◆ **Task objective**
Using the listing below, retype exactly the lines starting at the one with "A tanga, que" and ending at the one with "Two teenage boys", and include both.

◆ **Stored data**
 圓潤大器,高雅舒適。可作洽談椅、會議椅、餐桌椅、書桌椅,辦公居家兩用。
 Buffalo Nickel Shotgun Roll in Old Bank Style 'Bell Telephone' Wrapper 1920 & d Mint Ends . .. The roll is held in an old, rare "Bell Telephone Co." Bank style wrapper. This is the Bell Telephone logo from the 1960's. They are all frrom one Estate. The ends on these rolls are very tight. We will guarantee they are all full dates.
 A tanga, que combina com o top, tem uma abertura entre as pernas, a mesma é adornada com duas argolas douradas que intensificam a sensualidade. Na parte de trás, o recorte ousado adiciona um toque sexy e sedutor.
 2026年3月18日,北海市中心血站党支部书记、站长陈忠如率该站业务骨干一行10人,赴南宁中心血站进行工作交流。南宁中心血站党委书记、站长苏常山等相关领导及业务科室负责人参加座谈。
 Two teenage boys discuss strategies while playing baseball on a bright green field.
---
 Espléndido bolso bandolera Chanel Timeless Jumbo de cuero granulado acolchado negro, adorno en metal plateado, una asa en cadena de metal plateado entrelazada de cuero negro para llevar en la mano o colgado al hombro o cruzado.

◆ **Task solution**
 A tanga, que combina com o top, tem uma abertura entre as pernas, a mesma é adornada com duas argolas douradas que intensificam a sensualidade. Na parte de trás, o recorte ousado adiciona um toque sexy e sedutor.
 2026年3月18日,北海市中心血站党支部书记、站长陈忠如率该站业务骨干一行10人,赴南宁中心血站进行工作交流。南宁中心血站党委书记、站长苏常山等相关领导及业务科室负责人参加座谈。
 Two teenage boys discuss strategies while playing baseball on a bright green field.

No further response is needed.